Former positions include Chair of the Ditchley Foundation and of the John Smith Memorial Trust, Vice Chair of the British Council and the Westminster Foundation for Democracy, a Joint President of Chatham House, a Governor of the Scottish Police College, a Board Member of the Scottish Development Agency and the Scottish Tourist Board, Trustee of the Queen Elizabeth Diamond Jubilee Trust and Hon Colonel of the London Scottish Regiment. He was a Prime Ministerial appointment to the Advisory Board of the commemorations of World War One. He co-chaired in 2019 with former French Prime Minister Bernard Cazeneuve, a Joint Kings College/Institut Montagne study on British French defence cooperation.
In the private sector he was Deputy Chair of TNK-BP (BP’s Russian Joint Venture) and Chaired its Audit Committee, Deputy Chair of Cable and Wireless plc and Chair of Cable and Wireless International, and a Non-Executive Director of the Weir Group plc (where he was Senior Non-Executive Director), the Smiths Group plc and Monaco Telecom SA. He was short-listed in the Sunday Times Non-Executive Directors Awards.

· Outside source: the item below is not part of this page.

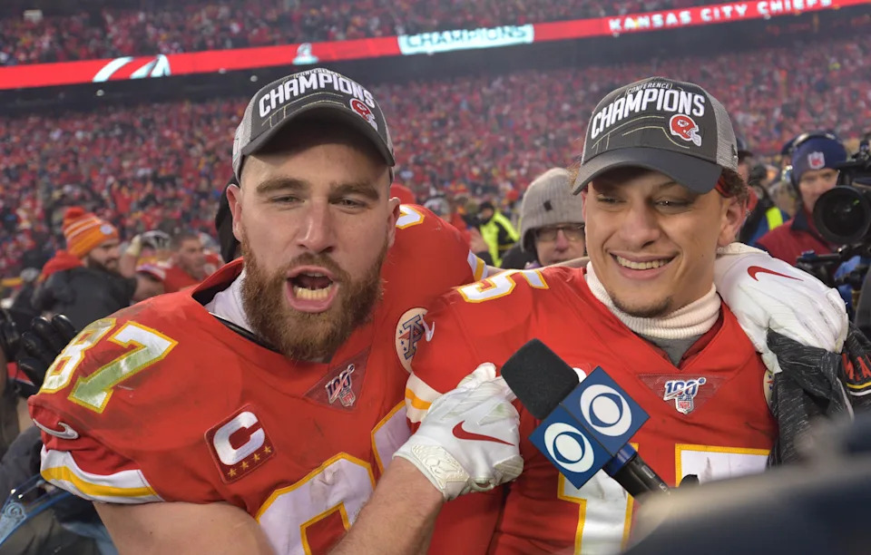 Jan. 19, 2020: Patrick Mahomes celebrates with Travis Kelce (87) after the Kansas City Chiefs’ win over the Tennessee Titans in the AFC championship game at Arrowhead Stadium.

He has a number of Honorary Doctorates including from Dundee, St Andrews, Bradford, Lincoln, Robert Gordons, Glasgow Caledonian and Stirling Universities, the European University of Armenia and the National Academies of Azerbaijan and Kyrgyzstan. He is an Honorary Fellow of the Royal Society of Edinburgh and a Fellow of the Royal College of Defence Studies. He is an Honorary Professor at Stirling University and Visiting Professor at Kings College, London.
He is one of the sixteen Knights of the Thistle (KT), Chancellor (till this year) and Knight Grand Cross of the Order of St Michael and St George (GCMG), and among several high international honours received, he was awarded the highest American civilian honour, the Presidential Medal of Freedom in 2003.